BANANACUE

When you live overseas there is always this abyss you fall into every now and then. You find yourself being pulled into the past – the good past – where life, you felt in your bones, was copacetic and you weren’t induratized to Cupid. Nostalgia comes in myriad forms. For some, it is the trips out of town with the entire family – grandparents, cousins, the whole caboodle – that’s peppered with mishaps, quibbles, and, naturally, laughter and fun. For others, it’s the food or, in Filipino context, merienda (roughly translated as snack) which filled their youthful summer days.

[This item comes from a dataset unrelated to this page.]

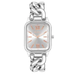 A poderosa linha Stones traz um novo modelo diferenciado, agora com números romanos e mix de pedras baguette bicolor aplicadas por dentro do vidro do relógio, o que traz mais segurança e modernidade para quem está usando. Ideal tanto para as mulheres que querem trazer um ponto de cor e brilho para os looks do dia a dia, tanto para compor qualquer visual à noite. Produto com caixa de metal e pulseira de aço inoxidável em banho dourado, mostrador de cor roxa, tamanho de caixa 42mm e resistência à água 50m.
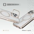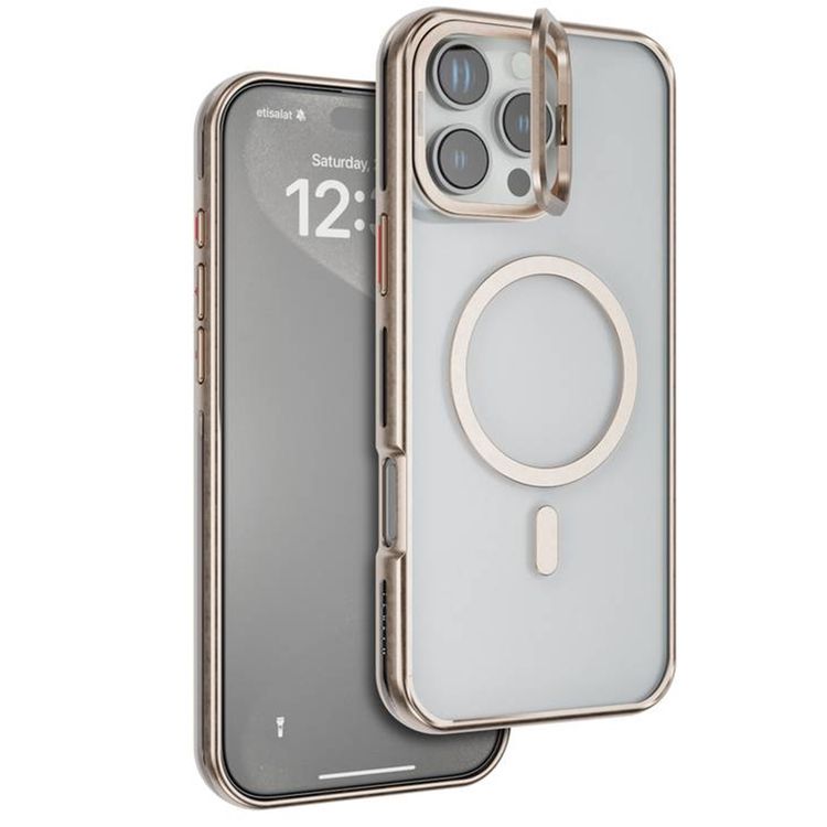 Levelo Elio PC Case with Camera Ring Stand for iPhone 16 Pro, Built-in Kickstand, MagSafe Compatible - Rose Gold Titanium

In my case, it is food. My childhood days were filled with this sweet merienda that I bought either from the school canteen or the lady-vendor who, in the afternoons, sat near the entrance of my department in university. Bananacue was and is still is an all-time favourite. I don’t see the lady-vendor anymore, so I get it from Hi-Top, a supermarket along Quezon Avenue, from a kiosk selling Filipino delicacies, mostly kakanin, or rice cakes, and bananacue. The name is a rewriting of barbecue – the banana is skewered hence bananacue. The banana isn’t just the ordinary banana; it must be saba or sweet plantain that is fried in a wok of oil and caramelized red sugar until all the pieces are reddish gold. Some like the bananas slightly hard while others want it somewhere between soft and soggy. Either way – the taste is just as sweet.

I have yet to find bananacue in Indonesia although I have found the Indonesian version of the Filipino turon. Turon is saba wrapped in spring roll wrapper and fried just like the bananacue. The Philippine version would have strips of jackfruit in it which I am not fond of. Meanwhile, Indonesia’s turon is called piscok, short for pisang coklat, which translates to chocolate banana. The banana in spring roll wrap is injected with chocolate syrup. The decadent version, I was enlightened by a friend, is from Banana Melts, where each of its piscok is drowning in chocolate. As he said, “it is chocolate overload.”

Here's how you make bananacue

Here’s how you make bananacue

However, I have found bananacue in a way thanks to a flatmate who shares my nostalgic inclination for it. Khaven cooks it whenever the mood strikes and when there is good saba to be found.

“I used to sell it for PhilP1 a stick when I was in elementary,” he shared. “It was part of my chores and if I didn’t do it, I’d get a spanking.”

“So, you would wait for your mother or grandmother to finish cooking?” I asked.

“No, I cooked it,” K replied.

Bananacue is best eaten after it’s cooled down a bit so it won’t scald your tongue. Any drink would go with it, but preferably something not sweet. An offshoot of bananacue, which is a tad heavier snack but made the same way, is camotecue, or sweet potatocue. It is another favourite that is, like the bananacue, only available in our bungalow in Indonesia.